虽然失血过多,但到底没伤筋动骨,是以恢复的很快,短短数日,就能起身,下床慢慢散步了。芦芽本来很反对她下床,但何太明来探过南叶一次后,称老躺着,血流不畅,反而对伤口愈合无益,她这才在每天午后阳光最灿烂的时候,亲自扶她出门,在衡清轩的院子里转悠一会儿。

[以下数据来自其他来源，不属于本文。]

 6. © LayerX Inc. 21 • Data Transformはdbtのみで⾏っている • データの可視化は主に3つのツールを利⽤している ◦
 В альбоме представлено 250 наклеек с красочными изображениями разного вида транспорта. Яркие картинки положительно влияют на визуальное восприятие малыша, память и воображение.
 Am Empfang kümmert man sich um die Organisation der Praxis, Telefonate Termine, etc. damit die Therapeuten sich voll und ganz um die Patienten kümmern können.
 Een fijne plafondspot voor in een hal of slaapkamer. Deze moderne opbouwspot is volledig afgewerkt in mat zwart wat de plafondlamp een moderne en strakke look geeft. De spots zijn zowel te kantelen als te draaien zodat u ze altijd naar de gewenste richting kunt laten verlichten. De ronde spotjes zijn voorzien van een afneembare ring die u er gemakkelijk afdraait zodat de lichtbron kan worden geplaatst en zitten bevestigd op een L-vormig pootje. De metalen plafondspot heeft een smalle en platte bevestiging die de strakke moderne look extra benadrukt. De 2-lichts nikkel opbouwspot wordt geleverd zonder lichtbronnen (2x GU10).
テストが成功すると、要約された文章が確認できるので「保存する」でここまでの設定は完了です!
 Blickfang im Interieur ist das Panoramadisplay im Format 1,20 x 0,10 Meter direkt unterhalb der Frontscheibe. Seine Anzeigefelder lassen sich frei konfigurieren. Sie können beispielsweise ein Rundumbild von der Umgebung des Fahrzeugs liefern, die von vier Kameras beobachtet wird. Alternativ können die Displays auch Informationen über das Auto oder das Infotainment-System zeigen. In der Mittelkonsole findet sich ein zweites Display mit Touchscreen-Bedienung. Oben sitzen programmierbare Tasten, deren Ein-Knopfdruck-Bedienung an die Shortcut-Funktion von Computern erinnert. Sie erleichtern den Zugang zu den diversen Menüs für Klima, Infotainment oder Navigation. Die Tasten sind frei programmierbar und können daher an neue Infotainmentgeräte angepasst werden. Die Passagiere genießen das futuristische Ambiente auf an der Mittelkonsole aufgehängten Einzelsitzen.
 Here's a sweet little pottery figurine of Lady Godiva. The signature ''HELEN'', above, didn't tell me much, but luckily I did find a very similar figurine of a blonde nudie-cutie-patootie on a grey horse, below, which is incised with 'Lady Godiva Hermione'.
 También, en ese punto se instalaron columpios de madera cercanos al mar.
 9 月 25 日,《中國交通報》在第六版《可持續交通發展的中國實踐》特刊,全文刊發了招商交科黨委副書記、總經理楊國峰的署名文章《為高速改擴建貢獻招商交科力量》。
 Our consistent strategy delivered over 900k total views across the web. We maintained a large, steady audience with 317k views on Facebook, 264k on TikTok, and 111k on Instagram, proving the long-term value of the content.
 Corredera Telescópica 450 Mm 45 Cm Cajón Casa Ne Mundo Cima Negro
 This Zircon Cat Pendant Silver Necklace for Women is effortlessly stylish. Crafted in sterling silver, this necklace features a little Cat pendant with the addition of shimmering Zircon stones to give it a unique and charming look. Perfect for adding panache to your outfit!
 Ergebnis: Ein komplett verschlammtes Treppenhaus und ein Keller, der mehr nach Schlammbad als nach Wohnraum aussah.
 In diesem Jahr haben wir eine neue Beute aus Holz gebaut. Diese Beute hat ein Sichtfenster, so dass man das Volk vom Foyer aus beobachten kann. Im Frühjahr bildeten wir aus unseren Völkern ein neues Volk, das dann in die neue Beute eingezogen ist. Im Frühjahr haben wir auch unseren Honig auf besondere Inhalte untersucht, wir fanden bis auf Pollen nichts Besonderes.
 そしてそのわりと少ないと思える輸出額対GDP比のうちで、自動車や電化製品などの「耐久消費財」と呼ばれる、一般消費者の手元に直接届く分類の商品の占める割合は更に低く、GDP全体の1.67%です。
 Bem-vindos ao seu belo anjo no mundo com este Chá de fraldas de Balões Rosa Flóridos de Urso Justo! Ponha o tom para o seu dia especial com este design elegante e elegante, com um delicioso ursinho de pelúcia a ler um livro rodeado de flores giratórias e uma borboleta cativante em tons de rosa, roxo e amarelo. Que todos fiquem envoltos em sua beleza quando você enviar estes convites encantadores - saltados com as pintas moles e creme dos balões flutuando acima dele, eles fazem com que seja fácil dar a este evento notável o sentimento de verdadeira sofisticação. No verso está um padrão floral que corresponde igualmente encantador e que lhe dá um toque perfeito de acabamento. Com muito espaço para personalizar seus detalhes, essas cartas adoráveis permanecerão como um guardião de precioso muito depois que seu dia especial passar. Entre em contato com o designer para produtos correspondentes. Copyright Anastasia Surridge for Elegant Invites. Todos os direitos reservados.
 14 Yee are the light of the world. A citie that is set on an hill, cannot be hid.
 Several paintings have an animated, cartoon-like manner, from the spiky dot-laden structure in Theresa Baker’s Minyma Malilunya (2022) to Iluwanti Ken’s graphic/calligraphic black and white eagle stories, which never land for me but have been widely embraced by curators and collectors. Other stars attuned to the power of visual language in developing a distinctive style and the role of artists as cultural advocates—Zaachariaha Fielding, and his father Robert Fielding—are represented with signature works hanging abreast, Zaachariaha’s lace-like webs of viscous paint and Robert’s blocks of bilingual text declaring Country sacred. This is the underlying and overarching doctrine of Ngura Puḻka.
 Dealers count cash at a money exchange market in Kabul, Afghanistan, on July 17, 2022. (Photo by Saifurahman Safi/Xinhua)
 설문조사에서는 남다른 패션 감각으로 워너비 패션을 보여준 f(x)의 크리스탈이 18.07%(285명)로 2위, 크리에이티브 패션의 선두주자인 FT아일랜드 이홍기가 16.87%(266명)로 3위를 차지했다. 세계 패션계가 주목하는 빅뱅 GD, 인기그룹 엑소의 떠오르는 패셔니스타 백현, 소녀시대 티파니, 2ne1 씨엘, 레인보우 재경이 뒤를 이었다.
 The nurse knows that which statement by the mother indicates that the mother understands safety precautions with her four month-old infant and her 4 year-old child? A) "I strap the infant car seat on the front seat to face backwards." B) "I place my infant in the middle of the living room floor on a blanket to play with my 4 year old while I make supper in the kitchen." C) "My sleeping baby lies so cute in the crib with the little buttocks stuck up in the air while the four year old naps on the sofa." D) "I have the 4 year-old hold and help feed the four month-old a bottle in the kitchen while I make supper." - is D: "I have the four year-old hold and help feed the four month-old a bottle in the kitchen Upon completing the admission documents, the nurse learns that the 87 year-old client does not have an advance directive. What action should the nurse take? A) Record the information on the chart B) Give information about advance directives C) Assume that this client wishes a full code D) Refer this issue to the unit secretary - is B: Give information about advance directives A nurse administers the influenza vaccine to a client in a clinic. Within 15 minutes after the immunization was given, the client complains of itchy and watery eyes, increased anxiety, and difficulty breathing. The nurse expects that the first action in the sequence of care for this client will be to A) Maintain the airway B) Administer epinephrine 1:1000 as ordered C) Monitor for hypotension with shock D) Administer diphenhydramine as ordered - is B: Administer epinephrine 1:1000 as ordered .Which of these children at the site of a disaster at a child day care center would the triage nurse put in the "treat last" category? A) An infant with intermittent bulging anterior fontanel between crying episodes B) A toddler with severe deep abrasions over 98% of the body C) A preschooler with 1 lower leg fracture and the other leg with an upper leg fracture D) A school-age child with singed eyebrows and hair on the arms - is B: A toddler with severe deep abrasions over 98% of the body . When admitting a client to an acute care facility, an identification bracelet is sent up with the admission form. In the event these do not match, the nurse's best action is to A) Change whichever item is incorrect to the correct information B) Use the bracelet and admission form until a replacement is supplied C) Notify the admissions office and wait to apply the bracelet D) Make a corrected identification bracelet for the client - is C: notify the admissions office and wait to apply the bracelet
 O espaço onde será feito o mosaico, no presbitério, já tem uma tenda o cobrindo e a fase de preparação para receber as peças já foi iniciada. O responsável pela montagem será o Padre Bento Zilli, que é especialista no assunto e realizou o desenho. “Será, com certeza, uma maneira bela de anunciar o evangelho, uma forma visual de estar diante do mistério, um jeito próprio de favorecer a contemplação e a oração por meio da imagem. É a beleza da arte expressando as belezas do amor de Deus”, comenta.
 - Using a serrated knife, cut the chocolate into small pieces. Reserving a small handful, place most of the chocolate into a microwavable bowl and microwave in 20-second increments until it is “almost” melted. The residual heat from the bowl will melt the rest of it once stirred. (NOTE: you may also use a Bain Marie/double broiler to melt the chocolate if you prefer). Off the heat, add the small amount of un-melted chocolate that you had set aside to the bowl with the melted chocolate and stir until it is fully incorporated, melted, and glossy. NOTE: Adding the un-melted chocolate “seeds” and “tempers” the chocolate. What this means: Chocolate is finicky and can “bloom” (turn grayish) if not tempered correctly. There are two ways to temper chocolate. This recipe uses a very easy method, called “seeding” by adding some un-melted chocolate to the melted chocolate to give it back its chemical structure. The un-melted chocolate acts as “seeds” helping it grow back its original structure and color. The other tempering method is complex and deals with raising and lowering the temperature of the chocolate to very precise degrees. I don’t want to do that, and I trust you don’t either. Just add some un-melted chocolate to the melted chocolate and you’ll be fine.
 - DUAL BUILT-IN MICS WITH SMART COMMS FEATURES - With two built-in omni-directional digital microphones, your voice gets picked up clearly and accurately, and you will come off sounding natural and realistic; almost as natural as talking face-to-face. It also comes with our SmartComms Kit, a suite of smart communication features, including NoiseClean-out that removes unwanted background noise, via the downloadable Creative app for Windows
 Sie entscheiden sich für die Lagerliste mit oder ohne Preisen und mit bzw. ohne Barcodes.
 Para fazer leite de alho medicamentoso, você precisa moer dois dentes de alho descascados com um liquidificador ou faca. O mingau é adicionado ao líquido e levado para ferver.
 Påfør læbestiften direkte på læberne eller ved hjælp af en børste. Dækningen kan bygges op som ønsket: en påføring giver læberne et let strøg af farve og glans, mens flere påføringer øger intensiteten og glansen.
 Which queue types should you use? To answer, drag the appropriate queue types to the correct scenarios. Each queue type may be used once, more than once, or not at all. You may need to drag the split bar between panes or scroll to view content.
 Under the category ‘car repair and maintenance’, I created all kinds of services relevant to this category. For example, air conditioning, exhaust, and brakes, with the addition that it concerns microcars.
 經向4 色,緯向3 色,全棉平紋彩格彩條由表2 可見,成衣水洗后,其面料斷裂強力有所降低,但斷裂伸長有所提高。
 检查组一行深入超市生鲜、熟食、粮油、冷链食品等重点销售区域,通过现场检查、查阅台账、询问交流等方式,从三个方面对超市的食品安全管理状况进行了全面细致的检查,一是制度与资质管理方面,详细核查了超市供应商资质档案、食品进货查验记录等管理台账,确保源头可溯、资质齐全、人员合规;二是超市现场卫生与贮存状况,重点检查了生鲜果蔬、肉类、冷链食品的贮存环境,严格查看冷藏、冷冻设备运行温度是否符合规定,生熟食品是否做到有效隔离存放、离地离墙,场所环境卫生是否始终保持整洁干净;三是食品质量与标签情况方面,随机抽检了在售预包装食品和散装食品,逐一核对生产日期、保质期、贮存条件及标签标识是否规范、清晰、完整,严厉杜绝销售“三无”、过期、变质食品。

这日,南叶又在芦芽的搀扶下,在院子里溜达,院内残雪未消,但仅限墙头树梢,地上被丫鬟们打扫得干干净净,半点雪痕都瞧不见。金锁还不放心,带了两名小丫鬟,四处检查,笑道:“这是怕南叶摔跤,才没留雪,要是世子在,肯定会责备,他总说,无雪无意境呢。”
“傻丫头!”芦芽却道,“如果世子在,肯定更不会留雪!我们怕南叶摔跤,难道他不怕?”
“我果然傻!心疼南叶的头一人,肯定是世子嘛!”金锁撑着扫把,吃吃地笑道。
南叶白了她俩一眼:“你们就打趣我罢,本来还想着,等我伤好,一定做两道好菜感谢你们,现在想想,还是算了。”
“别呀,我们也心疼你的,一点儿不亚于世子!”金锁丢开扫把,扑了过来。
芦芽怕她撞到南叶,慌忙扶着南叶躲开,大声笑骂。
欢声笑语,透过院中的苍天古树,直窜云霄。
康氏站在院墙外,静静地听了一会儿,道:“她倒是好人缘,这才几天,就和衡清轩的丫鬟们打成一片了。”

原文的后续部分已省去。